We are running ES 2.1 single node cluster on Windows 7 / NTFS. After ES crashed due to faulty disk (replacement is under way), the indices being written to at time of crash are stuck in translog recovery phase. I will use the .marvel index as example here.
Output from curl -s "http://$ES_HOST:9200/_cat/recovery?v=h"
index shard time type stage source_host target_host repository snapshot files files_percent bytes bytes_percent total_files total_bytes translog translog_percent total_translog
.marvel-es-2015.11.26 0 1209658 store translog 10.2.159.84 10.2.159.84 n/a n/a 0 100.0% 0 100.0% 1 130 32660 -1.0% -1
Output from curl -s "http://$ES_HOST:9200/.marvel-es-2015.11.26/_recovery?v=h"

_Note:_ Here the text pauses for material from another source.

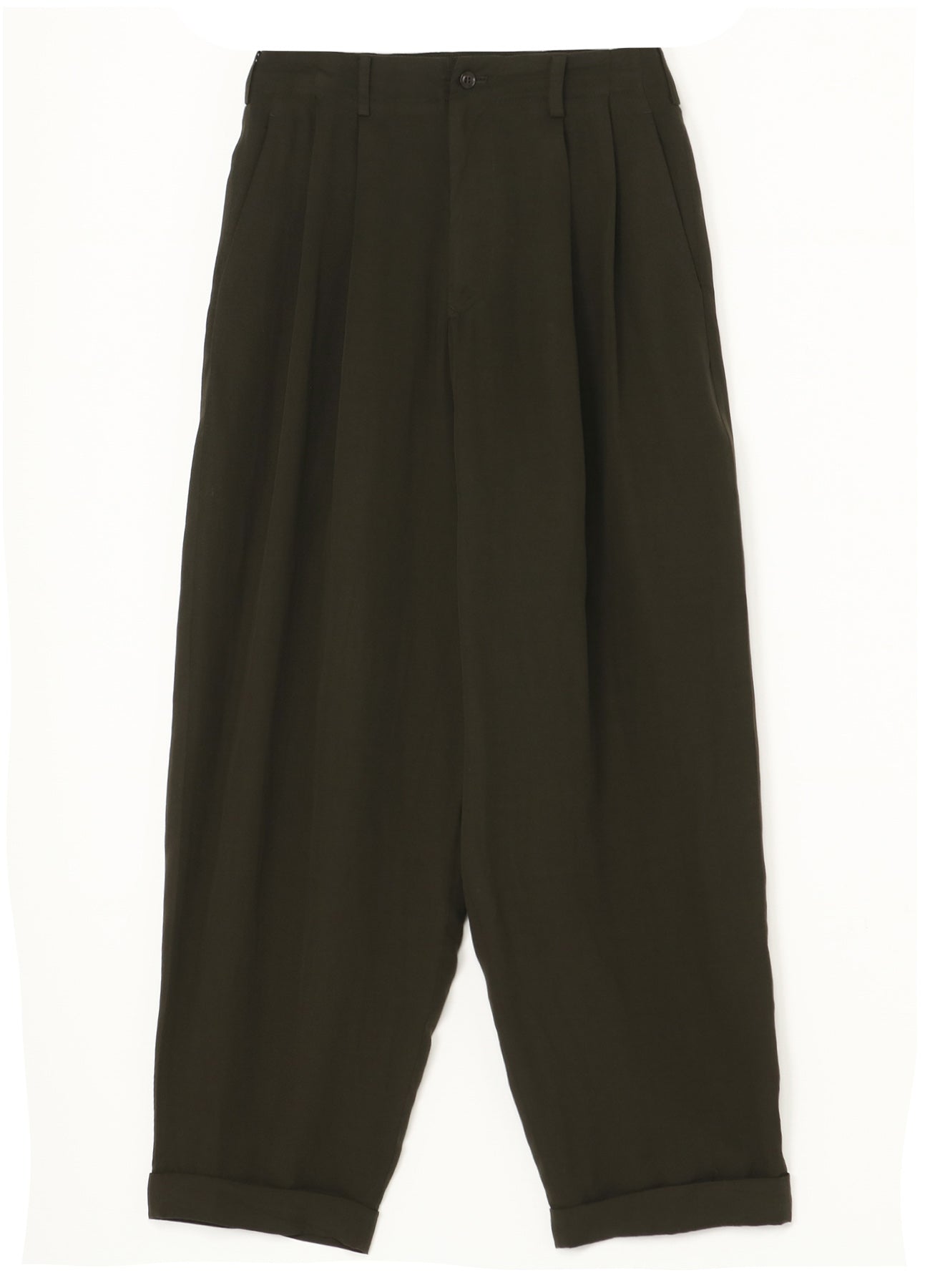 GARMENT-DYED CELLULOSE TWILL DOUBLE PLEATED CUFFED HEM PANTS

".marvel-es-2015.11.26": {
"shards": [
{
"verify_index": {
"total_time_in_millis": 0,
"check_index_time_in_millis": 0
},
"translog": {
"total_time_in_millis": 3010971,
"total_on_start": -1,
"percent": "-1.0%",
"total": -1,
"recovered": 79466
},
"index": {
"target_throttle_time_in_millis": 0,
"source_throttle_time_in_millis": 0,
"total_time_in_millis": 24,
"files": {
"percent": "100.0%",
"recovered": 0,
"reused": 1,
"total": 1
},
"size": {
"percent": "100.0%",
"recovered_in_bytes": 0,
"reused_in_bytes": 130,
"total_in_bytes": 130
}
},
"id": 0,
"type": "STORE",
"stage": "TRANSLOG",
"primary": true,
"start_time_in_millis": 1448608132857,
"total_time_in_millis": 3010997,
"source": {
"name": "ELK0",
"ip": "10.2.x.x",
"transport_address": "10.2.x.x:9300",
"host": "10.2.x.x",
"id": "zuwWitsGS0uT9DVm9R4Fdw"
},
"target": {
"name": "ELK0",
"ip": "10.2.x.x",
"transport_address": "10.2.x.x:9300",
"host": "10.2.x.x",
"id": "zuwWitsGS0uT9DVm9R4Fdw"
}
}
]
}
}
The machine now has 100% CPU usage and no progress is seen in index recovery except the "time" and "translog" numbers rising slowly.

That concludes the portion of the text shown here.